Here is a collection of engines I had made a few years ago. All I had was a Blackberry to look at tiny pictures of steam engines. No Computer :wall:

The first two are my attempts at understanding the slide valve.

Here is the "Purple" (No laughing) :big: This guy has over 2500 hours on it, it was painted while running (don't ask) it can run on a breath of air and, if properly regulated, can run as slow as 50 rpm. I estimate to pressure to be about 1 half psi to get 50rpm. 





This is the second generation of my slide valve engines, optimistically called "Kelly's #1" because I had made plans for it which I have posted in the downloads section. I decided to try a Stephenson reversing link out since most of the engines I seen pictures of were for small steam boats. 

The ticking is a loose piston rod pin.





This next engine is a V-4 cam operated push rod valve design. There is two valves per cylinder, one intake and one exhaust. This way the engine can run forward and reverse. I had also drilled holes for the exhaust on the side, this dramatically increased its speed. It will run up to 5000 rpm on 120psi. 

The cam operates reversed from the crank. I only realized at the end that I had to get creative with the intake. It works because the cam lobe for one cylinder's intake valve is the exhaust lobe for the opposing cylinder. It made for some real head scratchin to figure out what was going on. :wall: The valves are piston type, the cam pushed them up the expose the hole, the springs on top close them. The brass bits on top of the heads hold the springs down.















OK, now I know all of you will laugh at this next pic. It is a set of gears I made on my rotary table. Using a tool bit I ground down to an approximate angle by eye.
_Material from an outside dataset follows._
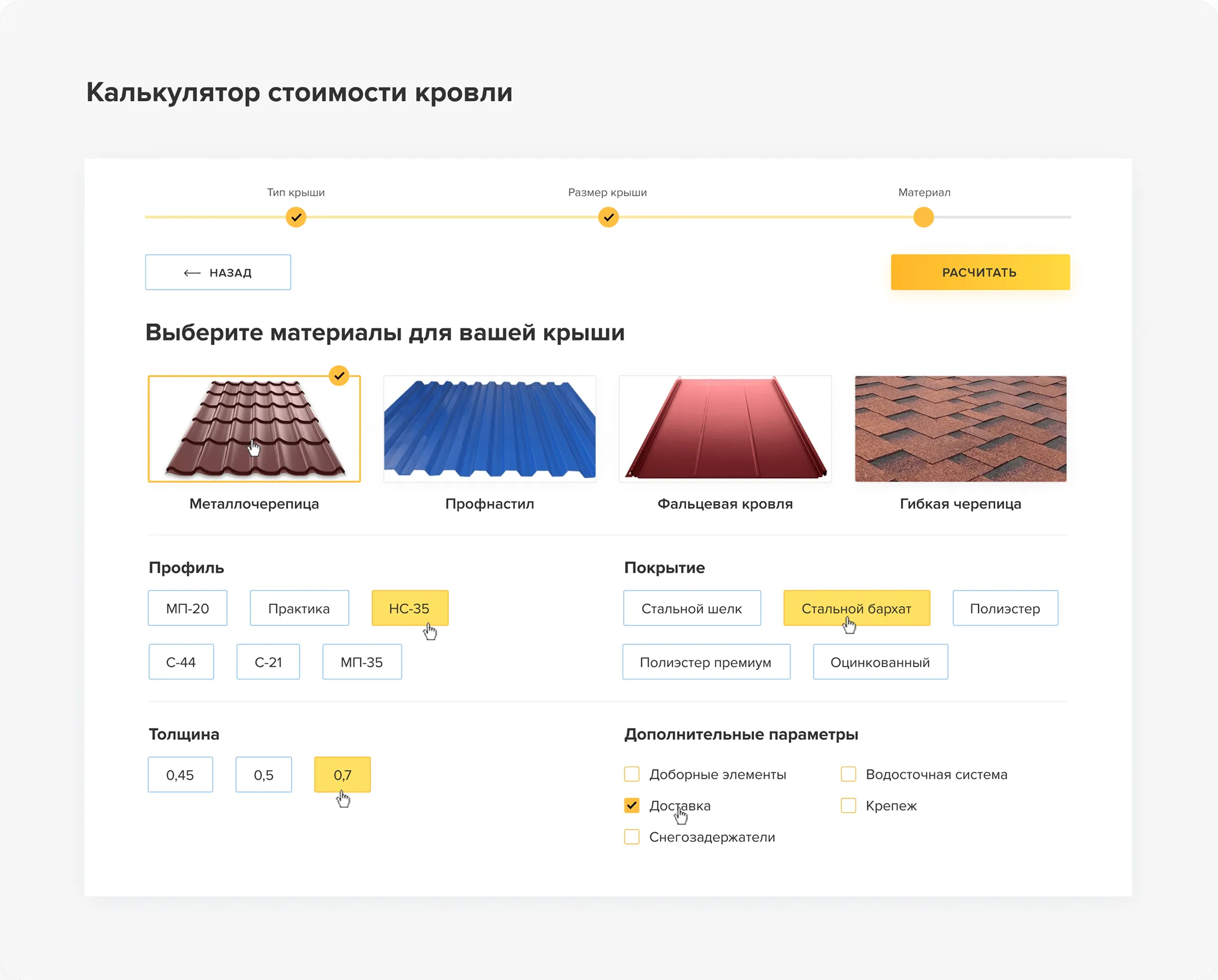 На этапе выбора материала мы сразу предложили добавить в расчет доборные элементы и доставку. Это увеличило точность сметы для клиента

They are not engineered in any way. But hey, they spin 5 G's! 





And here is the video.




Enjoy.

Kel


----------



## Deanofid (May 13, 2010)

Yeah, I enjoyed that, Kel!
Me thinks you've been at this longer than you let on. 
These engines run great, no matter what color they are. The V4 really cooks, (and smokes). ; )

Thanks a lot! These were great.

Dean


----------



## Philjoe5 (May 13, 2010)

Cool engines Kel, but rats you beat me to making a purple steam engine! I just found some Satin finish "Grape" (a Rustoleum product) at the local paint store yesterday. Same color as this emoticon, in fact :big: 

Cheers,
Phil


----------



## kcmillin (May 13, 2010)

Dean, I suppose I cant prove how long Ive been doing this, but Its been about 5 years since I first milled some aluminum on my drill press. Soon after that I bought the mini lathe, And what a learning process its been. I finally got a real mill a year and a half ago. I guess you could say that cigarettes aren't my only addiction. 

Phil, the decision to make the engine purple was an easy one to make. In seems that purple spray paint was the only color I had at the time. :big:

Kel


----------



## SAM in LA (May 14, 2010)

Kel,

I think that you may be a "Sleeper Agent" for the MIA, Machinist Imagination Agency. Very impressive collection you have. Your camera is pretty cool too. I may have to shop for a new camera so I can do so high speed photography.

SAM


----------